Pierwszą wiosenną wygraną odnieśli piłkarze Lotnika Jeżów Sudecki. Zespół trenera Jerzego Szalińskiego pokonał dzisiaj na własnym stadionie Włókniarza Mirsk 4-3 (2-2).
Gospodarze po 11 minutach prowadzili już 2:0 po bramkach Suchaneckiego i Górgula. Wydawało się, że ekipa trenera Jarosława Wichowskiego już się nie podniesie. - Zamiast kontrolować sytuację straciliśmy trzy kolejne bramki i zrobiło się nerwowo - nie krył Tadeusz Chwałek, prezes Lotnika. Włókniarz wyrównał jeszcze przed przerwą po golach Wichowskiego i P. Niemienionka. Następnie po zmianie stron grając w osłabieniu (w 63. min w ferworze powietrznej walki Jóźwik trafił łokciem Suchaneckiego i ujrzał czerwoną kartkę) zdołał odwrócić wynik. Do siatki trafił B. Morzecki a drugą asystę zaliczył obchodzący w dniu meczu 33. urodziny Wichowski. Nie pierwszy raz w sezonie mirszczanie wypuścili szansę z rąk. Po chwili wyrównał bowiem Górgul a wynik ustalił Kocot. - Stwarzaliśmy okazje i powinniśmy spokojnie kontrolować mecz. Nie potrafiliśmy jednak ustrzec się błędów przy stałych fragmentach wykonywanych przez rywali - żałował trener Włókniarza.

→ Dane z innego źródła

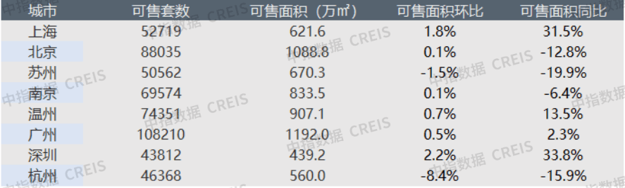 监测的8个代表城市整体库存环比略降0.42%。其中,一线城市中,北上广深4城市环比均上涨,其中深圳涨幅最大,为2.21%;上海次之。二线城市中,温州、南京环比均略有上涨,涨幅分别为0.74%和0.12%;杭州、苏州则环比下降,其中杭州降幅明显,为-8.38%。

LOTNIK JEŻÓW SUDECKI - WŁÓKNIARZ MIRSK 4:3 (2:2)

Bramki: 1:0 Suchanecki (6), 2:0 Górgul (11), 2:1 Wichowski (20), 2:2 P Niemienionek (30), 2:3 B Morzecki (70), 3:3 Górgul (71), 4:3 Kocot (82).
Czerwona kartka: Jóźwik (Włókniarz, 63 - uderzenie rywala).
Żółte kartki: Kocot, Kierlik, Górgul, Góral, Białkowski oraz Dasiak.
Sędziował: Krzysztof Dłużniak (Wałbrzych).
Widzów: 150.

LOTNIK: Maćkowski - Białkowski, Kierlik, Niemirski (46 Rudnicki), Suchanecki, Wyka (77 Piwoński), Górgul (90+2 Gawlik), Kocot, Pieńkowski, Bojanowski (57 Kurzelewski), Góral.
WŁÓKNIARZ: Swarzyński - Dasiak, Jóźwik, Kowalski, Ł. Niemienionek P. Niemienionek, Grygiel (75 Górny), J. Jasiński, Becker, Wichowski, B. Morzecki.